*** Opening of EXTRACTED INFORMATION ***

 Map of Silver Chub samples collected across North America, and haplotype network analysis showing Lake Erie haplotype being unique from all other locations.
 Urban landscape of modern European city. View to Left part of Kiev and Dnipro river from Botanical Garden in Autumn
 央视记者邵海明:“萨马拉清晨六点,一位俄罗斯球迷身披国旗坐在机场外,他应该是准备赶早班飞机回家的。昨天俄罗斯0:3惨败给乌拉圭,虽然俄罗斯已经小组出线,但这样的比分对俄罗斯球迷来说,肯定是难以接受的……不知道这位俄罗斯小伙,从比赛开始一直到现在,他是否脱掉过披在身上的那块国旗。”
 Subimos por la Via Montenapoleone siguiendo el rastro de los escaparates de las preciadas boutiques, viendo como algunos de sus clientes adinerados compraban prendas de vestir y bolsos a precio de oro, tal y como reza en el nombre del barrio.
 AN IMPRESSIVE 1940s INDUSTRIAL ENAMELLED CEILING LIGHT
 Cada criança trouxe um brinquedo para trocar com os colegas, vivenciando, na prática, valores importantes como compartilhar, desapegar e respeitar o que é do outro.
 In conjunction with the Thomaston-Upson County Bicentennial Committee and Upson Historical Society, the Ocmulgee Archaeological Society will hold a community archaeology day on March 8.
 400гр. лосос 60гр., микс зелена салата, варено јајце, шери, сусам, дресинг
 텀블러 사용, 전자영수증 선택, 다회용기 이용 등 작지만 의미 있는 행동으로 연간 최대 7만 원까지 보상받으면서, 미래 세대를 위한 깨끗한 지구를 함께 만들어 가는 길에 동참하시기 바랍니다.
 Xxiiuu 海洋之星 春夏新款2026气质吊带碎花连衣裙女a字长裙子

*** Close of EXTRACTED INFORMATION ***

WHAT TO PRODUCE >>
Please make an exact copy of the lines from the one holding "텀블러 사용, 전자영수증" through the final line of the records above, nothing more.

EXERCISE SOLUTION >>
 텀블러 사용, 전자영수증 선택, 다회용기 이용 등 작지만 의미 있는 행동으로 연간 최대 7만 원까지 보상받으면서, 미래 세대를 위한 깨끗한 지구를 함께 만들어 가는 길에 동참하시기 바랍니다.
 Xxiiuu 海洋之星 春夏新款2026气质吊带碎花连衣裙女a字长裙子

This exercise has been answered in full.